(Recorded data)

++++++++++

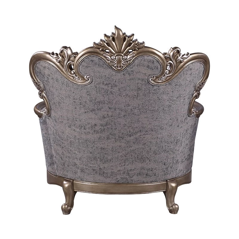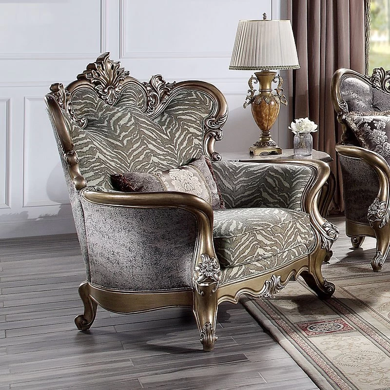 - OverviewAn assortment of materials and patterned hues highlight this elegant, traditional Elozzol Living Room Collection. Plush and luxurious with rich upholstery, it offers an exquisitely comfortable space to lounge and relax after a long day. This collection flaunts a rich, ornate frame in an antique bronze finish featuring intricate, detail-carved wooden trim and claw feet for a tasteful and timeless look. With its stylish, patterned pillows and thick, plush cushions, this magnificent collection gives any living room an opulent and inviting atmosphere. Turn your living room or family room into the relaxed centerpiece of your home with the Elozzol collection.
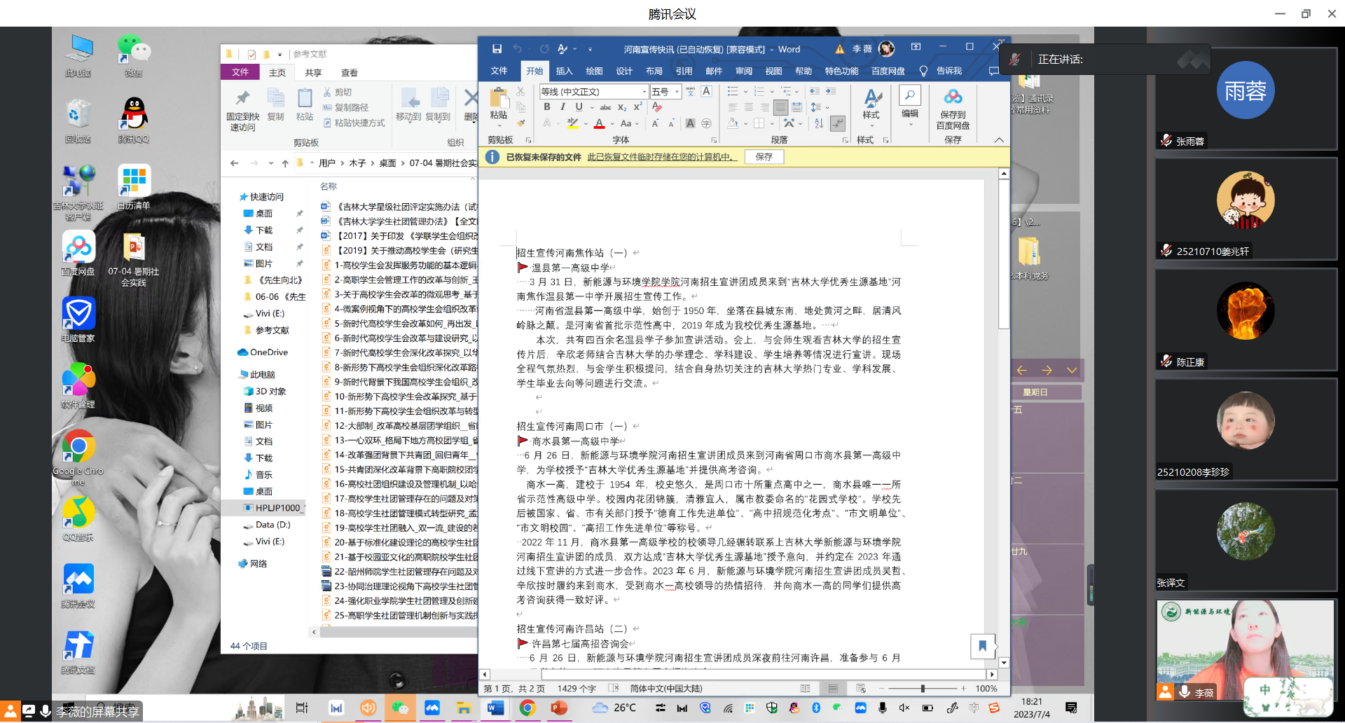 2023年7月4日学院召开2023年暑期社会实践活动动员大会,学院暑期社会实践团队、“返家乡”社会实践成员、“鼎新实习计划”成员参与会议,院团委负责人李薇老师担任主讲人为各位同学解答社会实践注意事项。
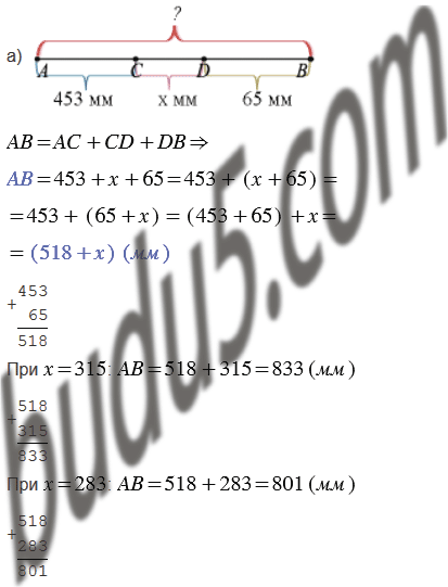 а) AB, если AC = 453 мм, CD = x мм и DB = 65 мм. Найдите значение получившегося выражения при x = 315; 283.
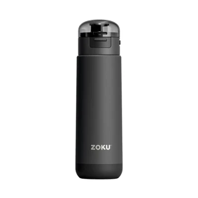 This vacuum-insulated drinks bottle from Zoku is made with a corrosion-resistant 18/8-grade stainless steel body and keeps water chilled for longer. Finished with a durable powder coating, it's easy to open with one push to access the high-flow mouthpiece. This design is completed with a locking feature and a soft-touch carrying loop.
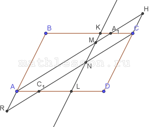 Биссектрисы $$AA_{1}$$ и $$CC_{1}$$; $$AA_{1}\cap CD=H$$; $$CC_{1}\cap AB=R$$
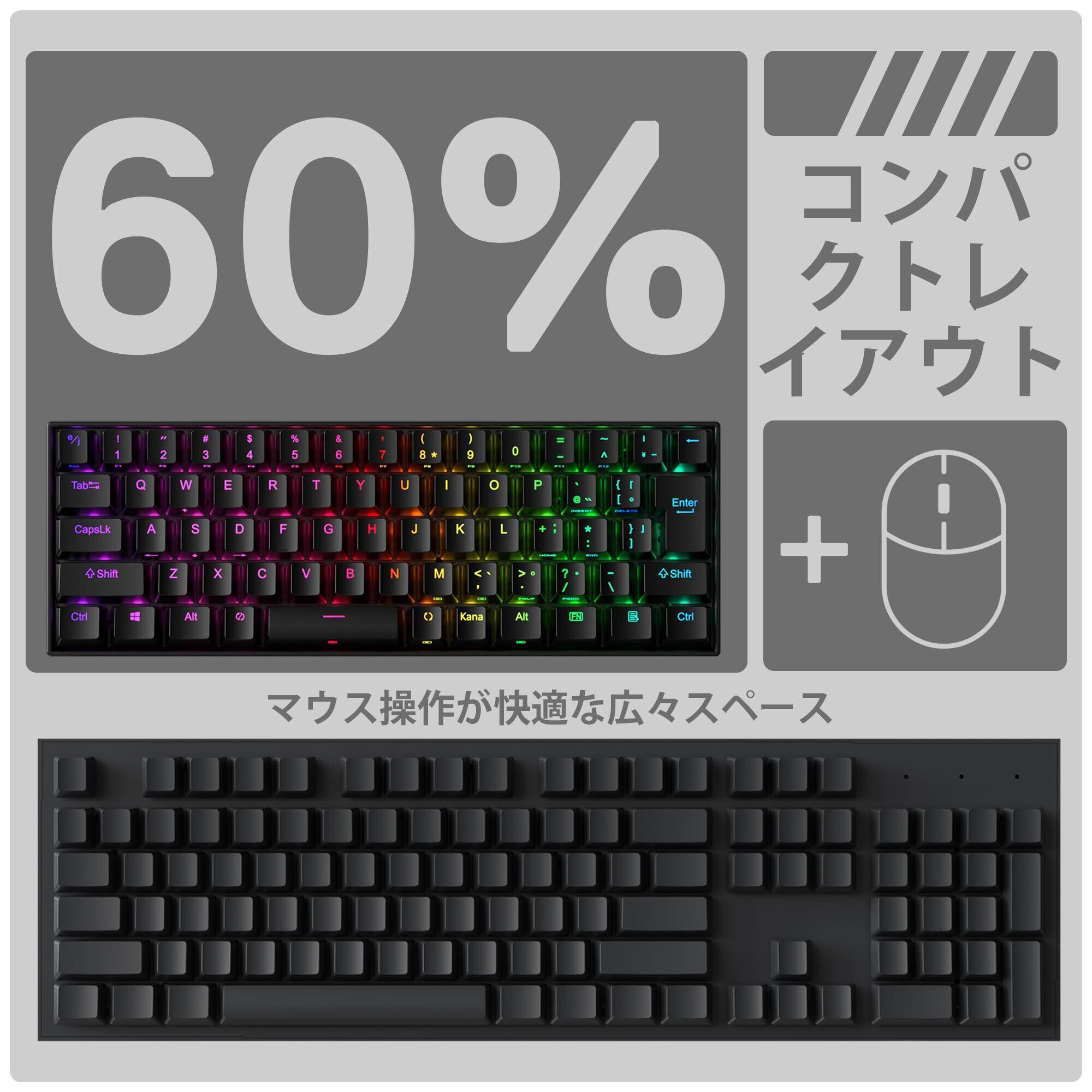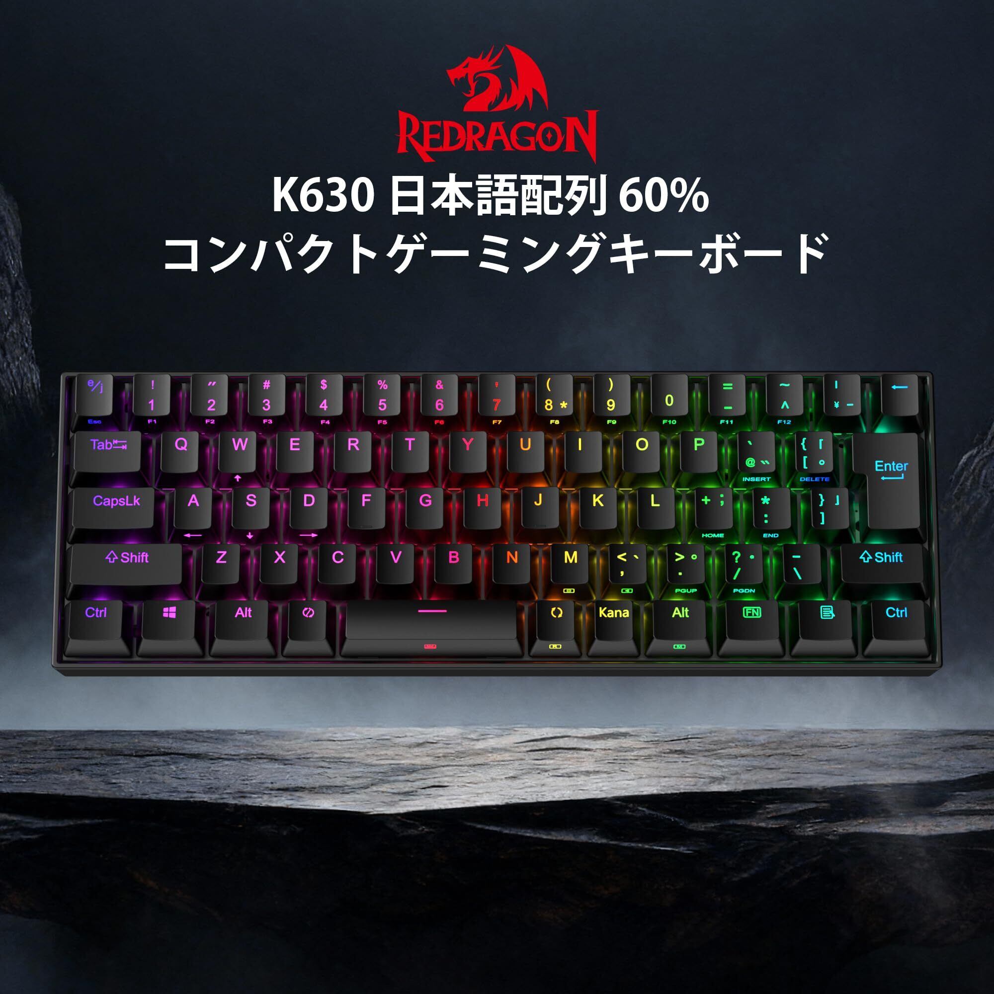 Redragon K630 60% 有線 RGB ゲーミングキーボード、61キー コンパクトメカニカルキーボード、シルバースイッチ、プロドライバーサポート、ブラック

++++++++++

> **Requirement**:
All of the lines above must be printed again exactly, and no picture may appear in the copy.

> **Result of this exercise**:
 - OverviewAn assortment of materials and patterned hues highlight this elegant, traditional Elozzol Living Room Collection. Plush and luxurious with rich upholstery, it offers an exquisitely comfortable space to lounge and relax after a long day. This collection flaunts a rich, ornate frame in an antique bronze finish featuring intricate, detail-carved wooden trim and claw feet for a tasteful and timeless look. With its stylish, patterned pillows and thick, plush cushions, this magnificent collection gives any living room an opulent and inviting atmosphere. Turn your living room or family room into the relaxed centerpiece of your home with the Elozzol collection.
 2023年7月4日学院召开2023年暑期社会实践活动动员大会,学院暑期社会实践团队、“返家乡”社会实践成员、“鼎新实习计划”成员参与会议,院团委负责人李薇老师担任主讲人为各位同学解答社会实践注意事项。
 а) AB, если AC = 453 мм, CD = x мм и DB = 65 мм. Найдите значение получившегося выражения при x = 315; 283.
 This vacuum-insulated drinks bottle from Zoku is made with a corrosion-resistant 18/8-grade stainless steel body and keeps water chilled for longer. Finished with a durable powder coating, it's easy to open with one push to access the high-flow mouthpiece. This design is completed with a locking feature and a soft-touch carrying loop.
 Биссектрисы $$AA_{1}$$ и $$CC_{1}$$; $$AA_{1}\cap CD=H$$; $$CC_{1}\cap AB=R$$
 Redragon K630 60% 有線 RGB ゲーミングキーボード、61キー コンパクトメカニカルキーボード、シルバースイッチ、プロドライバーサポート、ブラック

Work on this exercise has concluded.